As an added protection to defendants, I would recommend that the use of these AI systems be voluntary but enforceable if written into contracts with the same force of arbitration provisions. Appellate rights could also be preserved should either party wish to take the matter before a human tribunal at a higher level.
I would similarly afford these AI protections to criminal defendants, but again on a voluntary basis and subject to appellate review.
The use of sophisticated AI would eliminate all bias and corruption within our judicial process. We must embrace existing technology and apply it to a flawed system.

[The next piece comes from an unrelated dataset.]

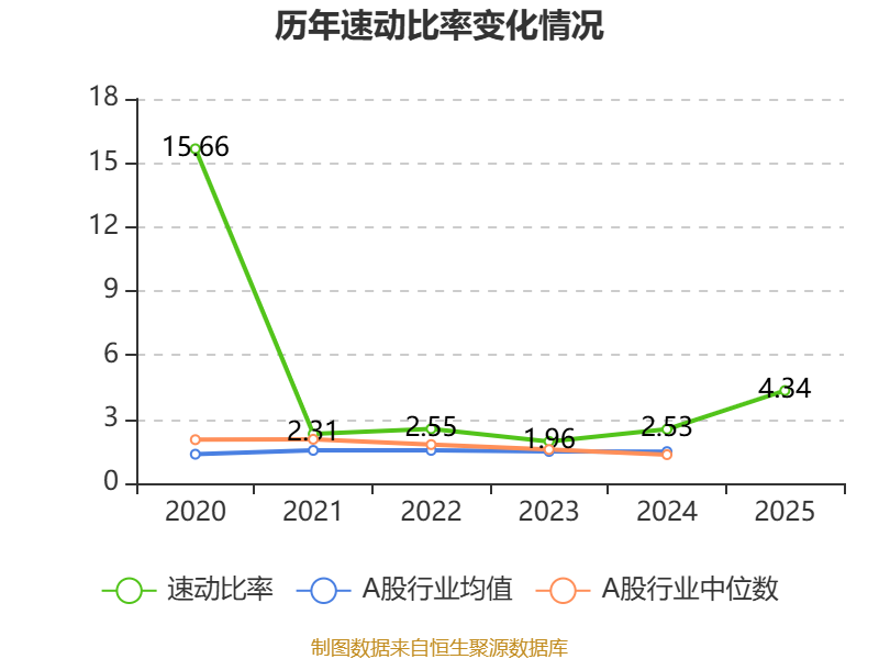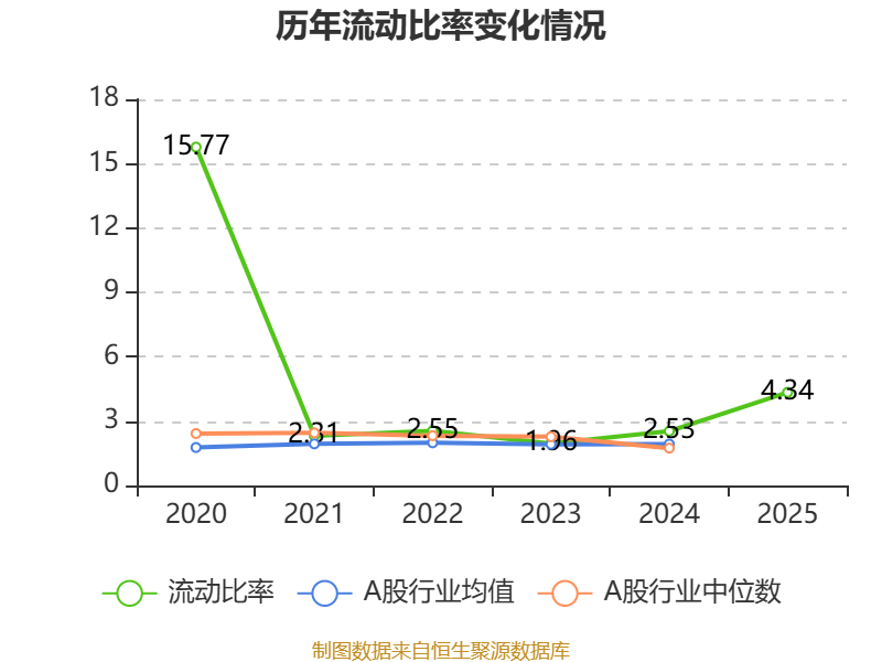 2025年,公司流动比率为4.34,速动比率为4.34。

Charles’ proposed solution to the inequities and corruption in the judicial is system is surprising: Artificial Intelligence (“AI”). Although I have owned a computer for nearly 40 years (starting with the Commodore 64), I admit that I don’t understand much about programming and AI. I do, however, watch the series “Picard” and recognize that AI (“Synthetics”) can go haywire even in the 24th century. More to the point, I know that in this century AI is dependent upon the knowledge, skills, and explicit and implicit biases of the programmers. Judge Herbert B. Dixon, Jr., observed in the American Bar Association’s Judges’ Journal: “The strengths and weaknesses of AI are that the software does exactly what it is programmed to do; a human must program the AI system at the outset and review the results produced by the AI system.”

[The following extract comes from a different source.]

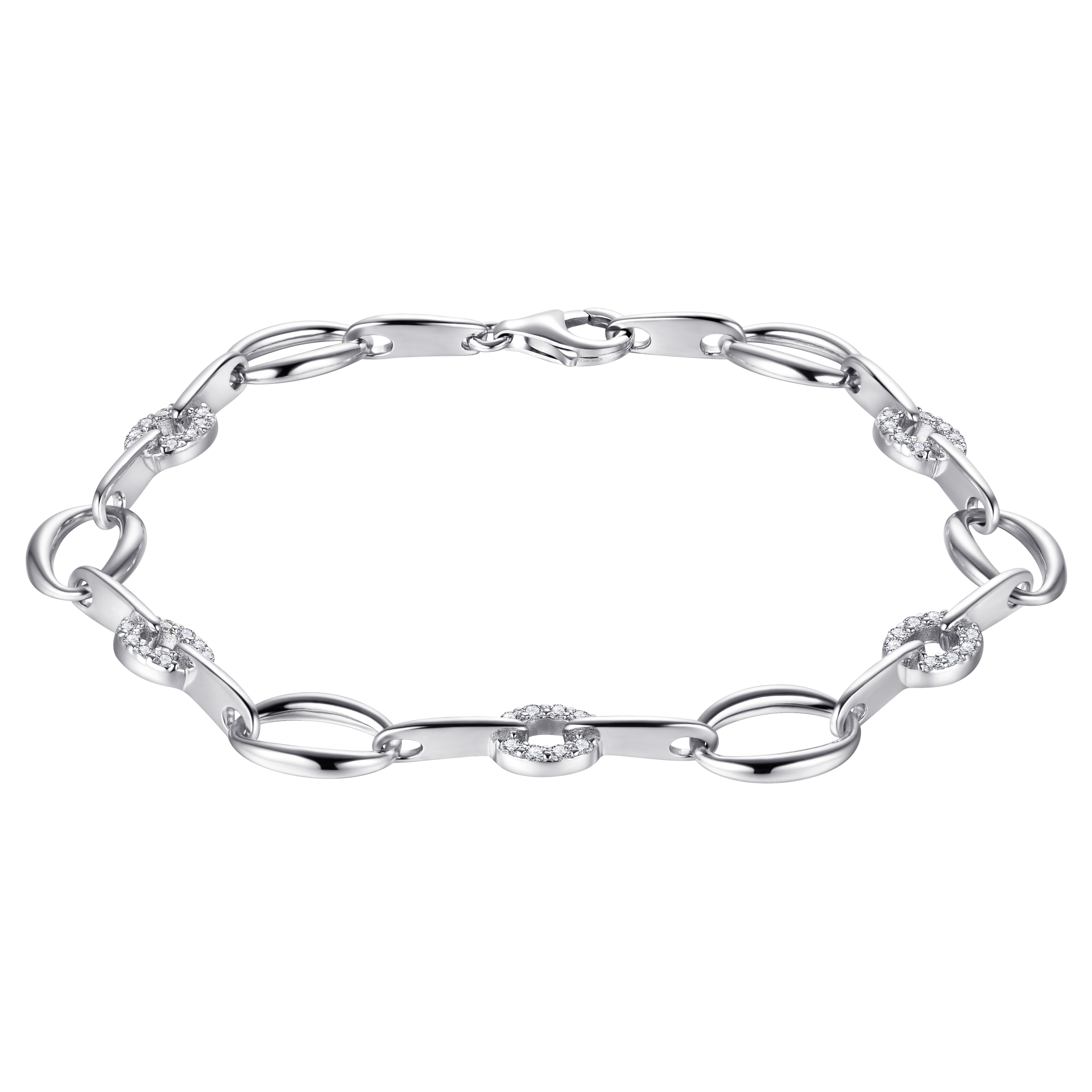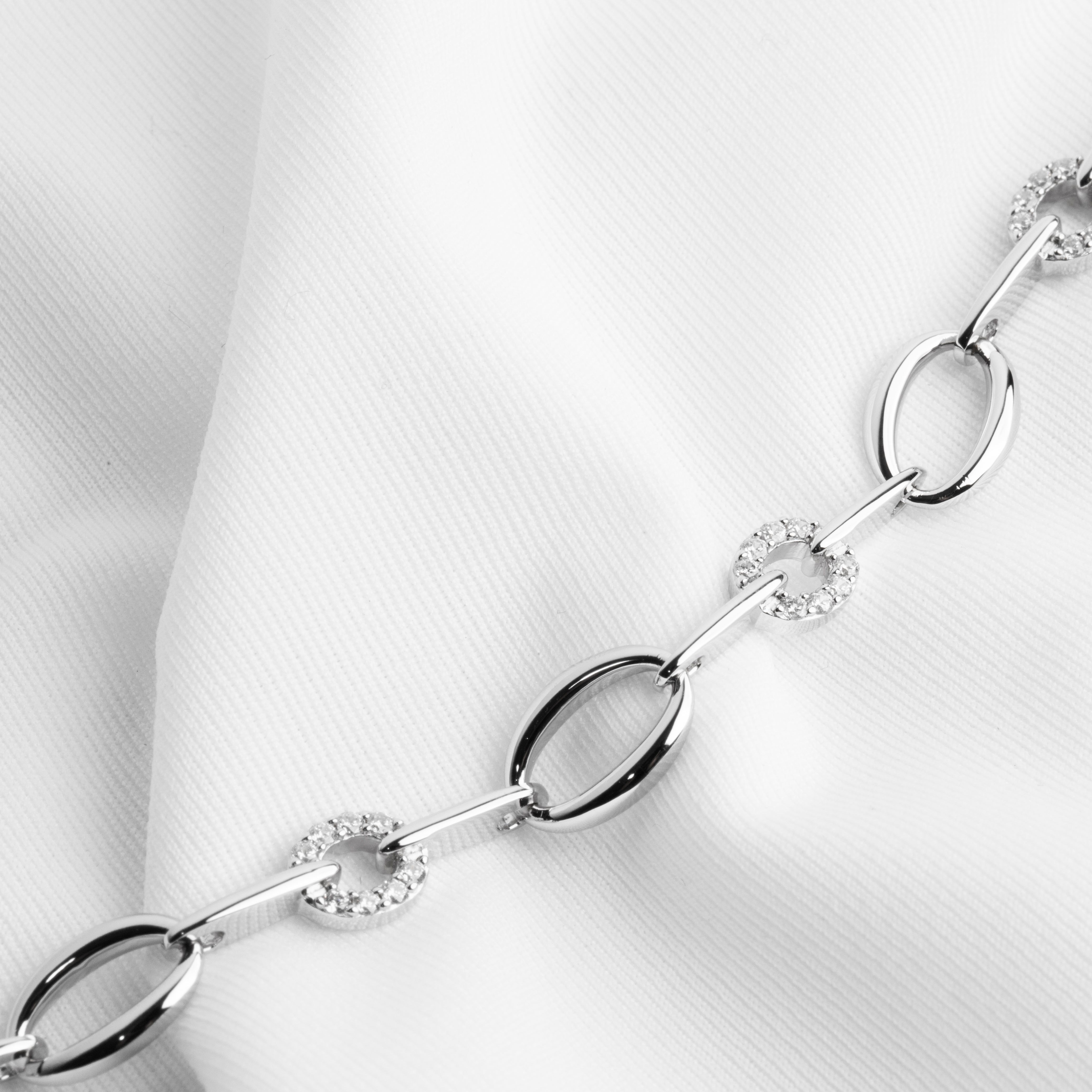 Aceasta bratara unica de zale din colectia noastra Elena este realizata din argint 925. O rasucire a bratarilor clasice cu linkuri, este impodobita cu pietre de zirconiu, dandu-i un aspect proaspat si sic. Este perfect pentru asociere cu alte bratari sau bijuterii din colectie.

Nevertheless, I believe Charles’ approach is ingenious. I would certainly endorse the use of AI as a tool to assist members of the judiciary, but not to take the place of judges. As Justice Oliver Wendell Holmes noted: “The life of the law has not been logic: it has been experience. The felt necessities of the time, the prevalent moral and political theories, intuitions of public policy, avowed or unconscious, even the prejudices which judges share with their fellow-men, have had a good deal more to do than the syllogism in determining the rules by which men should be governed.” In other words, judicial decision-making involves more than the simple application of black-letter legal principles; it requires judges to assess credibility and balance the interests and concerns of the parties and society.
Furthermore, Charles’ approach implicates very few cases. Between 90% to 95% of federal civil cases are settled by the parties—less than 1% actually go to trial; 90% of federal criminal defendants plead guilty—only 2% go to trial. In 2020, Texas courts tried by judge about 8% of major civil cases; juries adjudicated only 0.4%. Similarly, most serious criminal cases in Texas are resolved by guilty pleas, and only 5% are ever tried—1% by jury and 4% by judge alone. With respect to the specific AI-application Charles proposes, AI will play an insignificant role in addressing the racial and economic inequities present in the American judicial system. For example, it will certainly not reduce race-based sentencing disparities.
Finally, I believe that the ever-expanding use of AI may erode trust in the judiciary and the judicial system. People will no longer view the law as handed down by society, but as the result of mystifying equations and algorithms created by nameless programmers.